InstaNAS: Instance-aware Neural Architecture Search

AAAI'20   |   ICML'19 AutoML Workshop

An-Chieh Cheng*    Chieh Hubert Lin*    Da-Cheng Juan    Wei Wei    Min Sun   

National Tsing Hua University    Google AI   

Paper (Arxiv) | Code (to be released soon)

▲ The concept of InstaNAS is to search for a distribution of architectures. The controller is responsible for selecting a corresponding child architecture for each given input image. Each child architecture within the final distribution may be an expert of specific domains or speedy inference. In contrast, a conventional NAS method only searches for a single architecture from the search space, which cannot fully exploit the power of NAS while searching with multiple objectives.

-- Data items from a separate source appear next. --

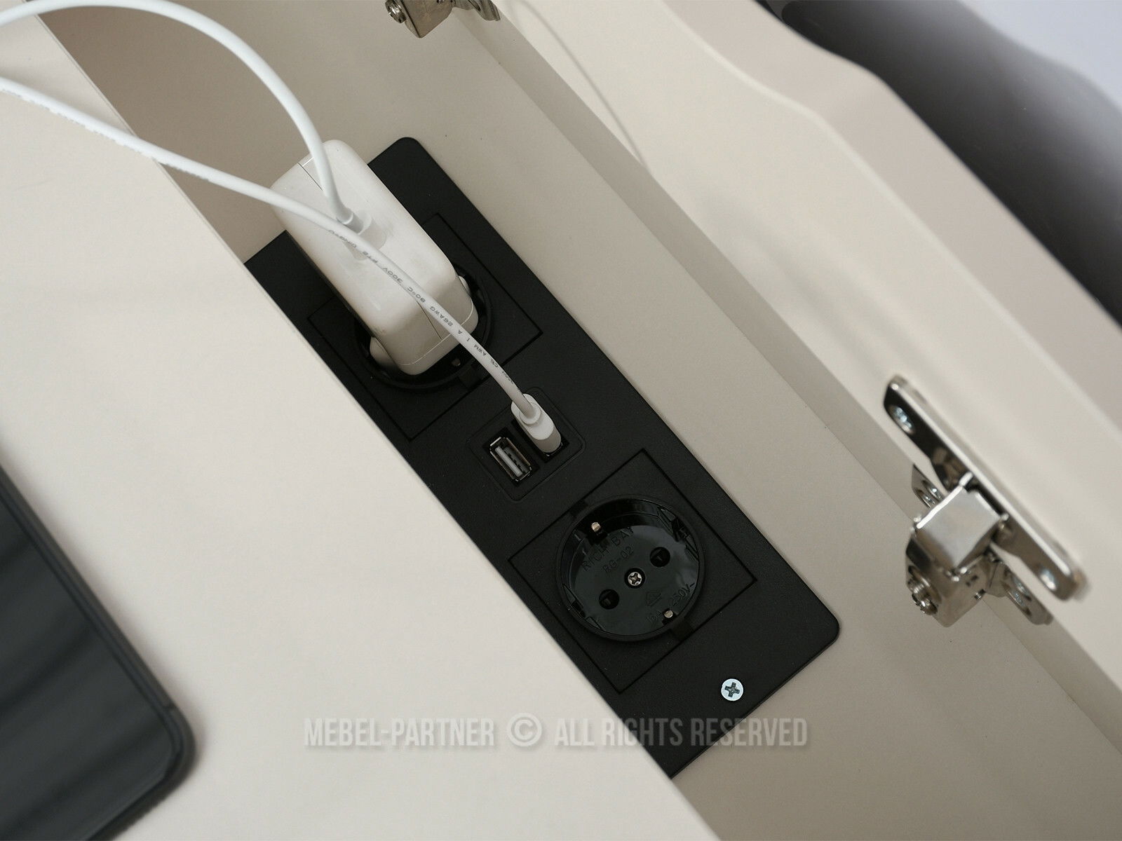 obdĺžniková stolová doska, s poličkou, so zásuvkou, vstavané elektrické zásuvky, USB port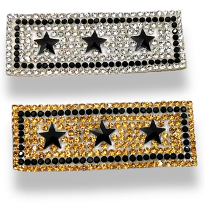 Applicazione termoadesiva composta da strass e n 3 Stelline in posizione centrale.H: 5,5 cm x 2,1 cm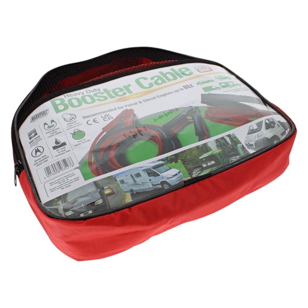 The Maypole MP3527 Booster Cable set is a heavy-duty pair of battery leads designed for reliable jump-starting of larger vehicles. Each lead uses copper-coated aluminium conductors with a 45 mm2 cross-sectional area for strong current delivery and controlled flexibility. The 4 m length provides comfortable reach between vehicles in awkward positions. Heavy-duty, fully insulated metal clamps grip battery terminals securely, and colour-coded red/black insulation helps prevent polarity mistakes. The PVC jacket is resistant to heat, oil, and acids for long service life. With a peak output of 900 A and suitability for engines up to 8 litres, these leads are a practical choice for larger cars, vans, 4x4s, motorhomes, tractors, and light trucks. Supplied with a tough nylon carry bag for tidy storage.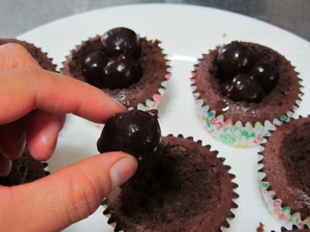 Place cherries in each cupcake.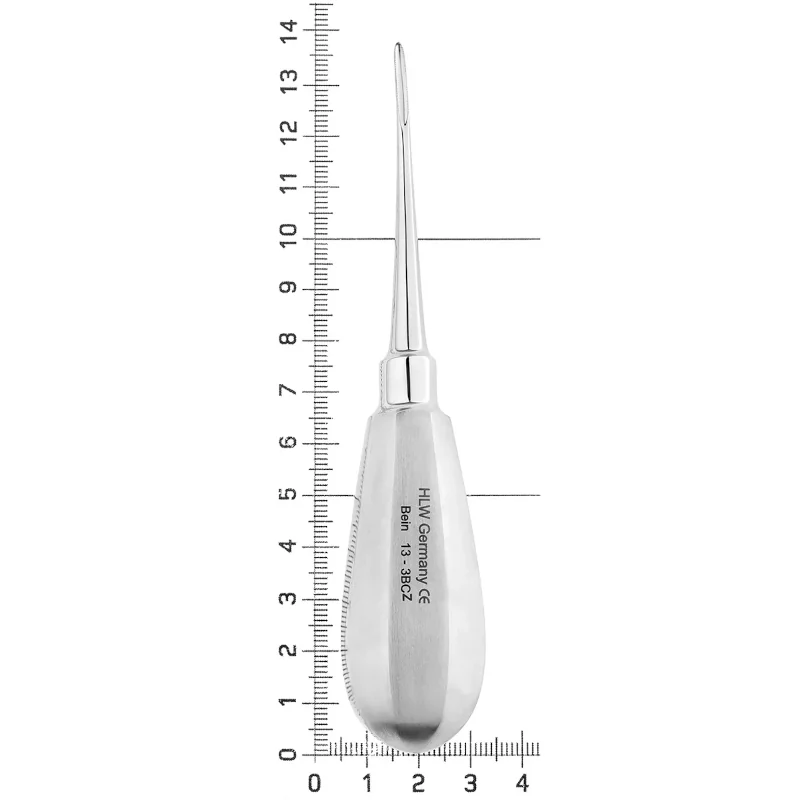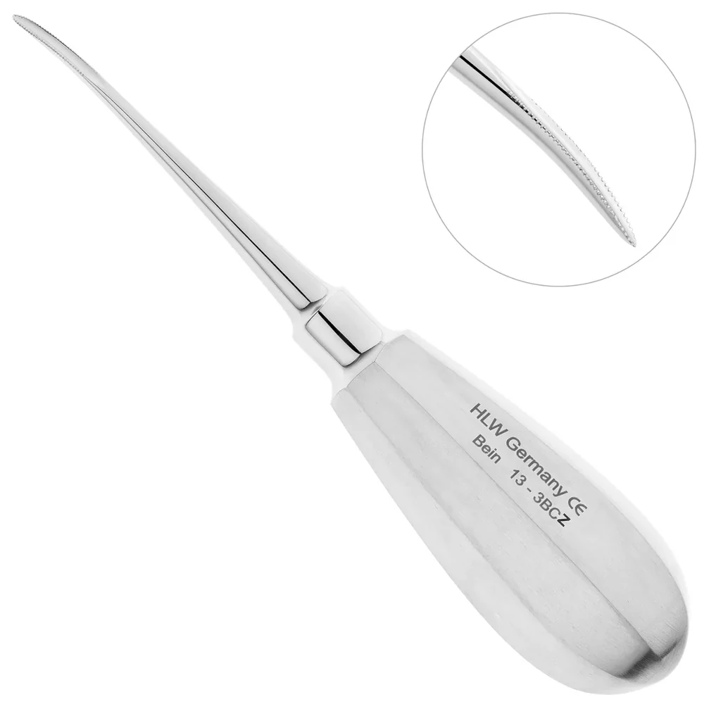 Элеватор конструкции Бейна производства немецкой компании HLW Dental Instruments используется для удаления корней и зубов на верхней и, в ряде случаев, на нижней челюсти.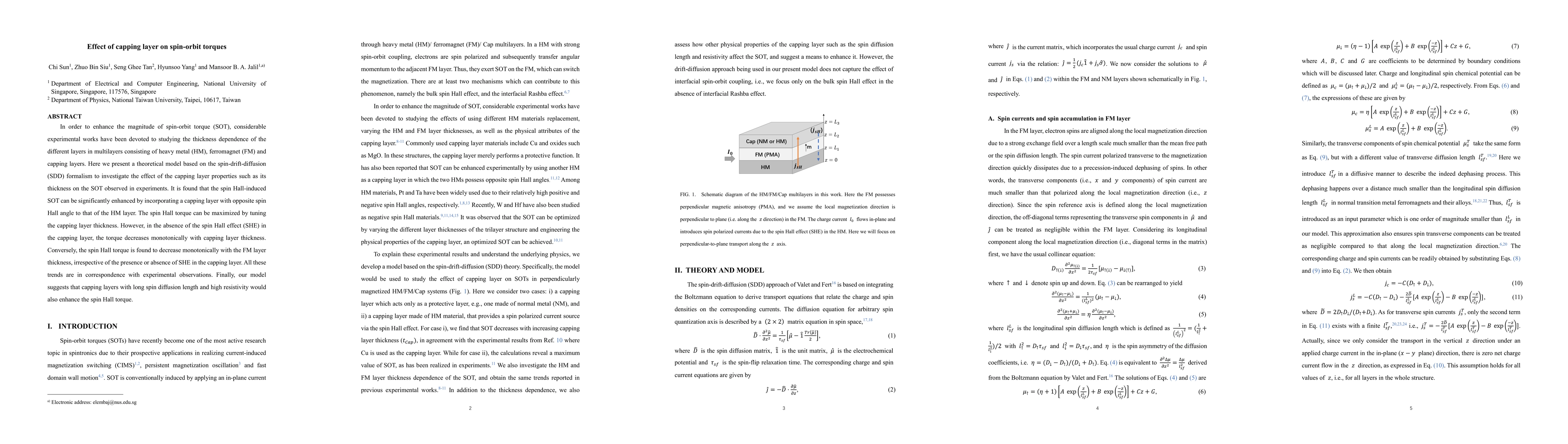 This paper presents a theoretical model to study how capping layer properties, such as thickness, affect spin-orbit torques (SOT) in multilayers. The model reveals that incorporating a capping layer with an opposite spin Hall angle to the heavy metal layer can significantly enhance spin-orbit torque, with optimal torque achieved through thickness tuning.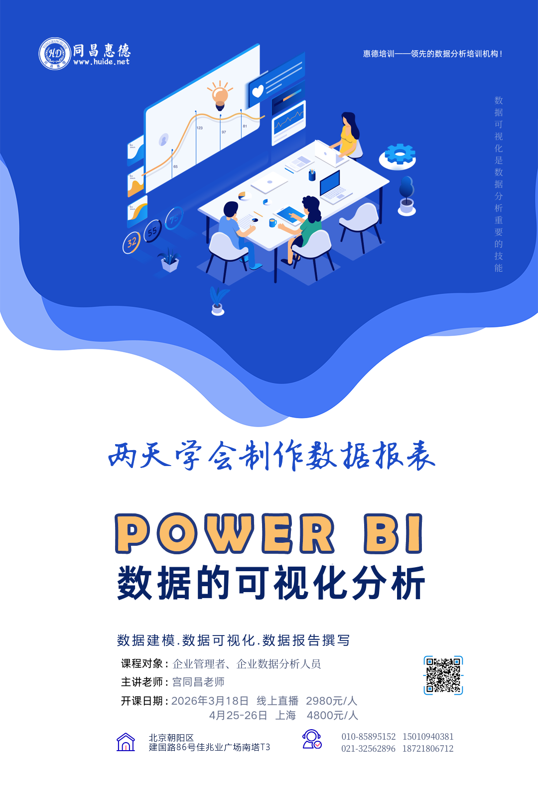 2026年3月18日由惠德云课堂主办的《Power BI数据分析可视化》线上互动课堂即将开课,本期培训由客户管理与数据分析专家宫同昌老师授课。欢迎您来点咨询并了解详细课程介绍: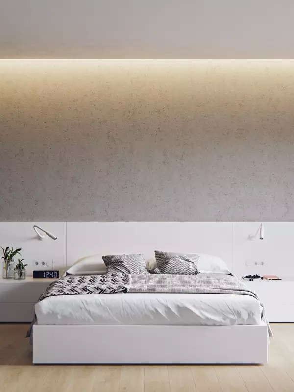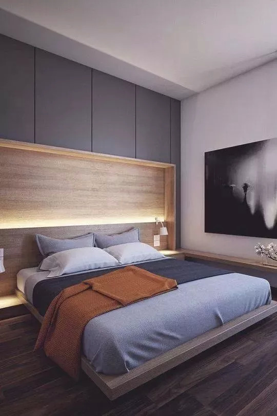 由于整体卧室大多采用定制的形式,所以在空间利用上一般较少浪费,而是尽可能地贴合墙面设计,采用嵌入式、一体式的方式,达到完美的视觉延伸效果。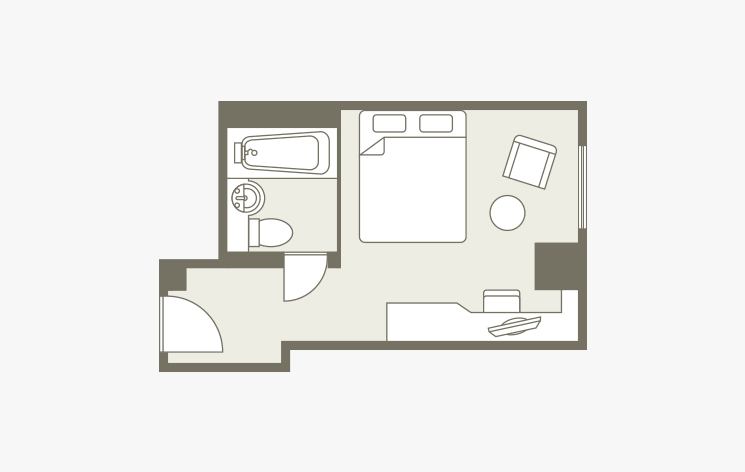 お部屋の間取りはあくまで一例です。面積や家具の配置、備品などはお部屋により異なりますので、あらかじめご了承ください。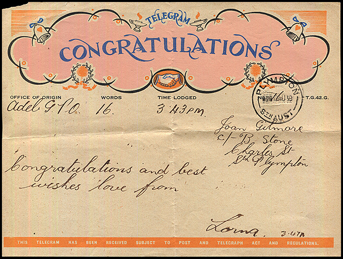 Broken Hill to Goodwood, SA. (21 December 1940 - from the accompanying telegram).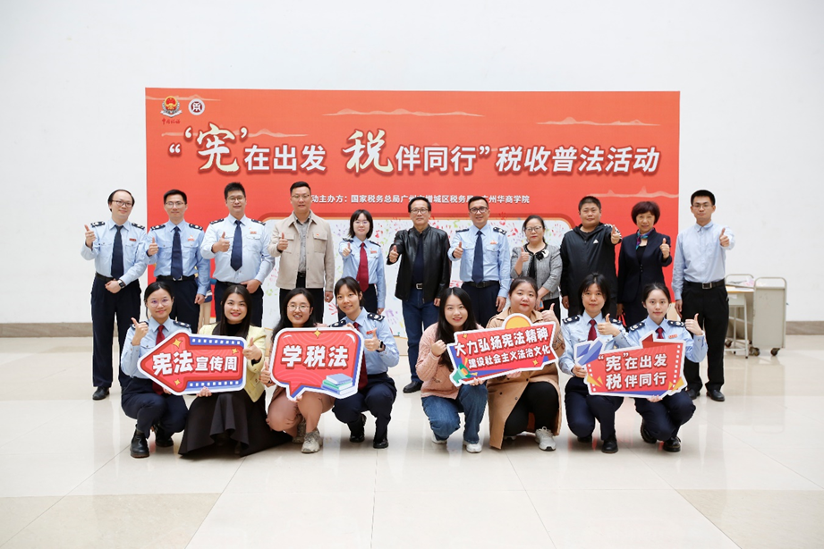 治国凭圭臬,安邦靠准绳。2023年12月4日,是第十个国家宪法日,12月1日至7日为“宪法宣传周”。为大力弘扬宪法精神,建设社会主义法治文化,我校bv伟德国际1946联合国家税务总局广州市增城区税务局共同举办“‘宪’在出发税伴同行”跨校区税收普法活动。活动于广州校区图书馆报告厅线上线下同步举行,国家税务总局广州市增城区税务局党委委员、副局长黄莹莹、二级高级主办钟健民、增城区税务局“远方田野”乐队、税务青年代表、bv伟德国际1946主持工作副院长刘善球、bv伟德国际1946党委副书记、副院长陈洋广,bv伟德国际1946副院长周书域、bv伟德国际1946税务系主任张翠凤、税务系副主任李志凤以及bv伟德国际1946广州、肇庆校区师生代表参加了本次活动。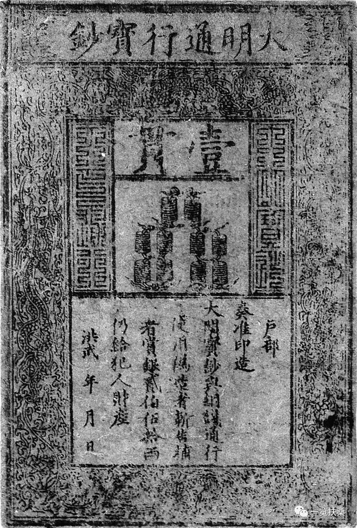 中国的元号比日本历史更久,图中明代发行的纸币上印有“洪武”字样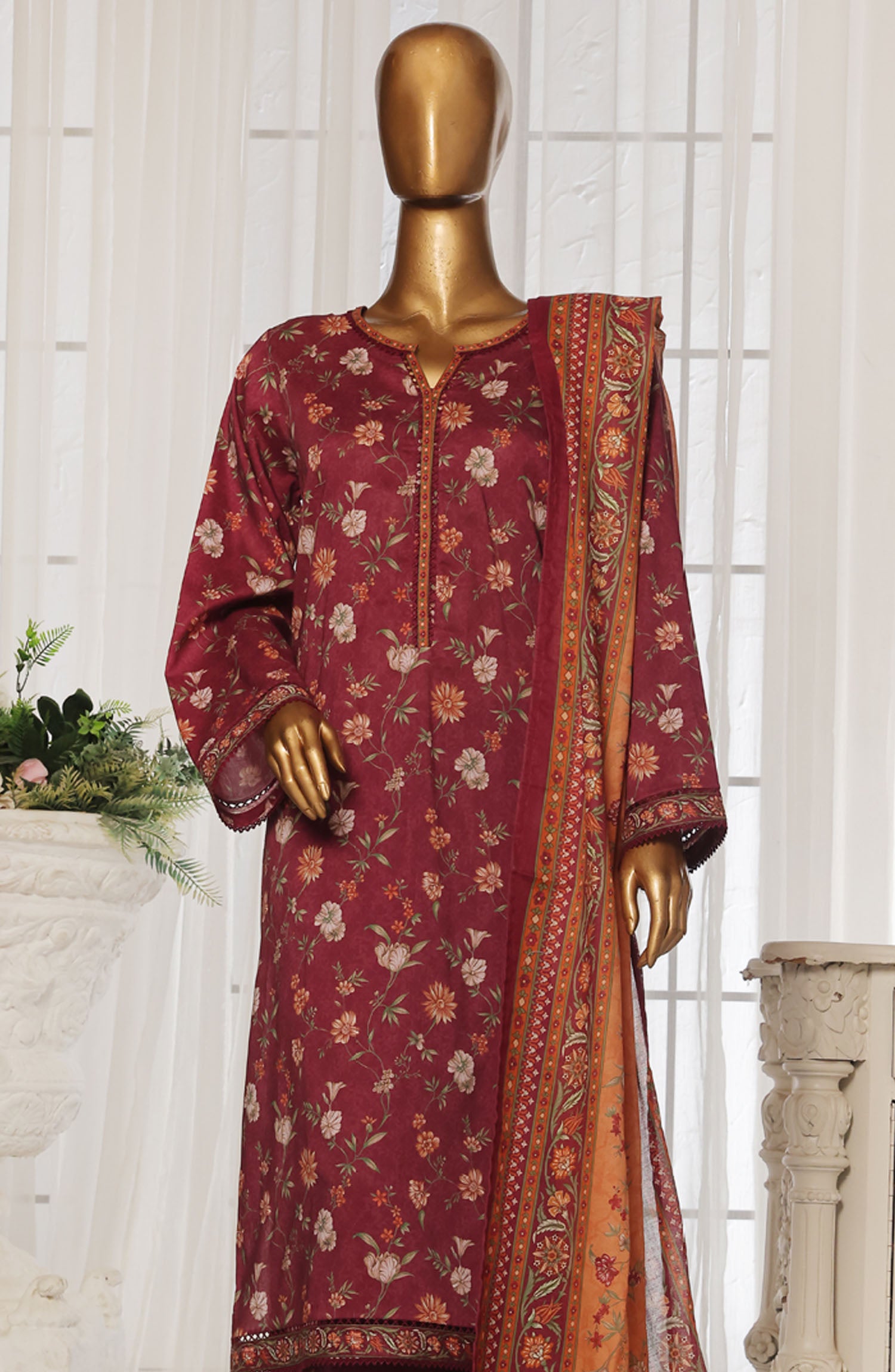 Home Bin Saeed Printed Lawn Stitched 3 Piece Suit - D-06 - BS25EPLV4 - Maroon - Summer Collection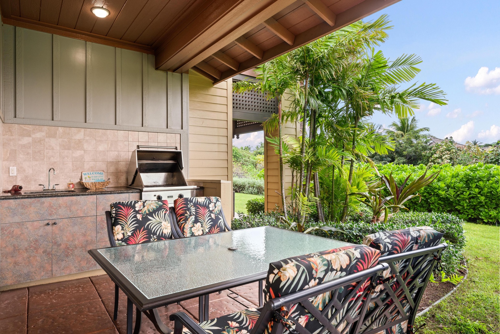 Covered lanai with built-in BBQ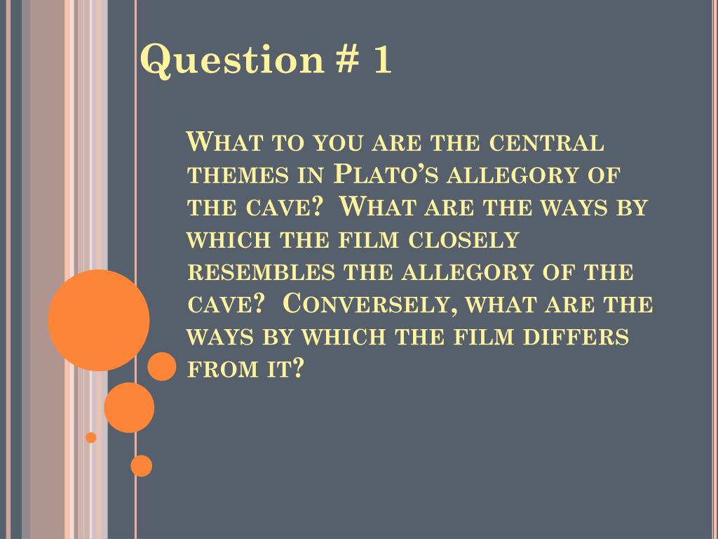 What to you are the central themes in Plato’s allegory of the cave? What are the ways by which the film closely resembles the allegory of the cave? Conversely, what are the ways by which the film differs from it? Question # 1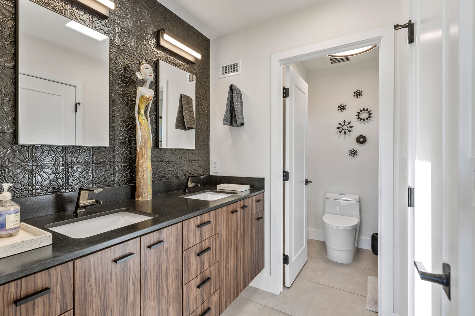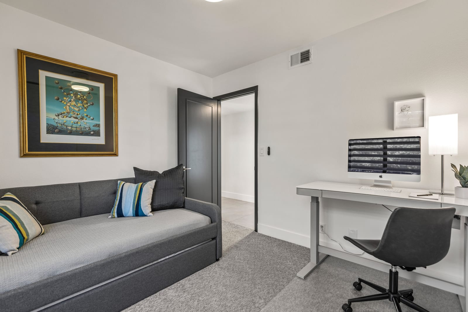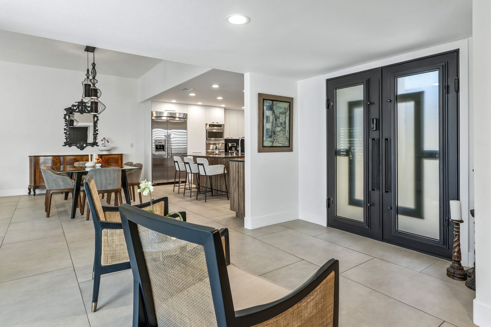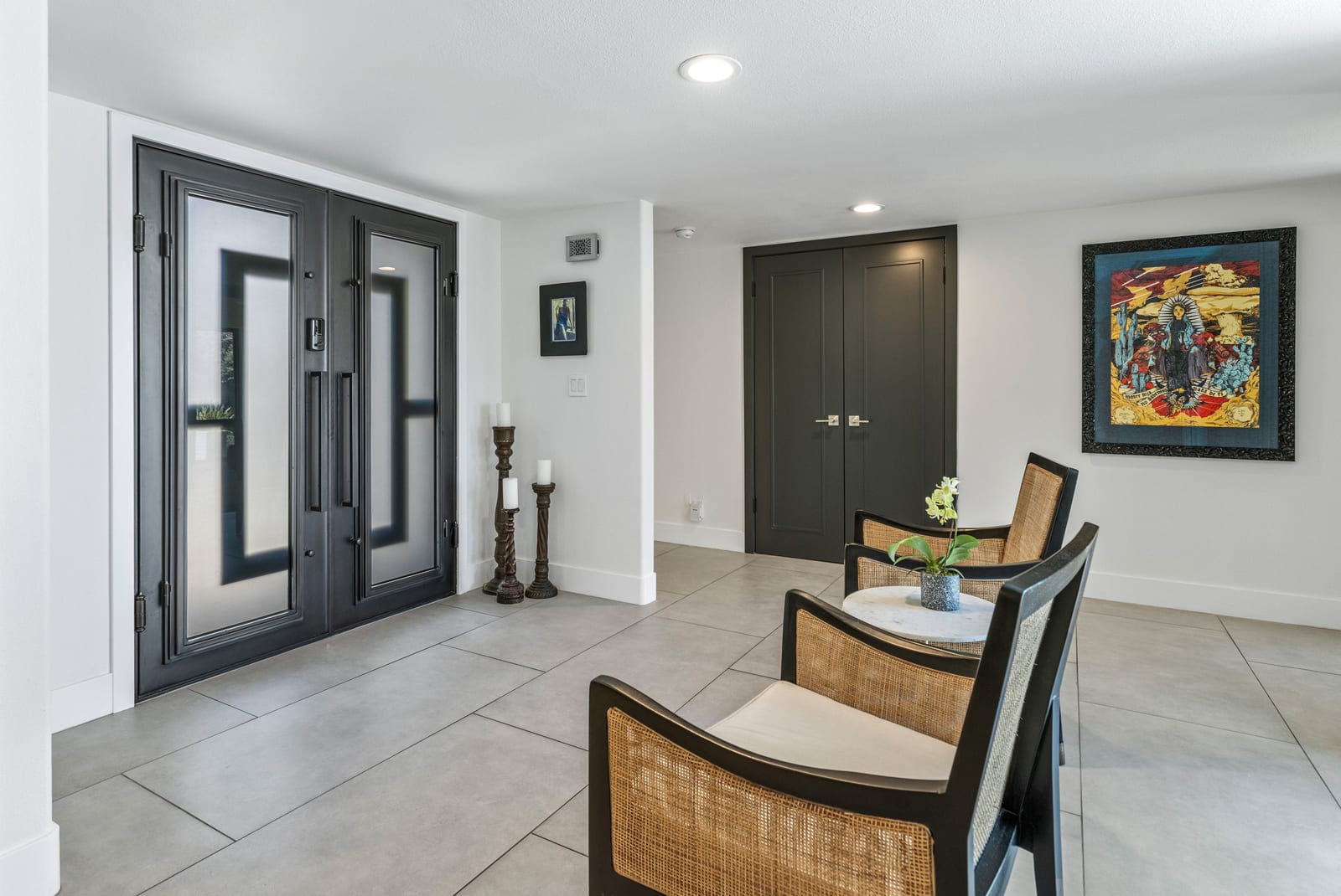 Thoughtful upgrades continue throughout, including new dual-pane windows, sliding patio doors, built-in Security Screens on double entry doors, Kerr Tile flooring, elegant Fina-tiled bathrooms, and fresh paint throughout.

Neural Architecture Search (NAS) aims at finding one “single” architecture that achieves the best accuracy for a given task such as image recognition. In this paper, we study the instance-level variation, and demonstrate that instance-awareness is an important yet currently missing component of NAS. Based on this observation, we propose InstaNAS for searching toward instance-level architectures; the controller is trained to search and form a “distribution of architectures” instead of a single final architecture. Then during the inference phase, the controller selects an architecture from the distribution, tailored for each unseen image to achieve both high accuracy and short latency. The experimental results show that InstaNAS reduces the inference latency without compromising classification accuracy. On average, InstaNAS achieves 48.9% latency reduction on CIFAR-10 and 40.2% latency reduction on CIFAR-100 with respect to MobileNetV2 architecture.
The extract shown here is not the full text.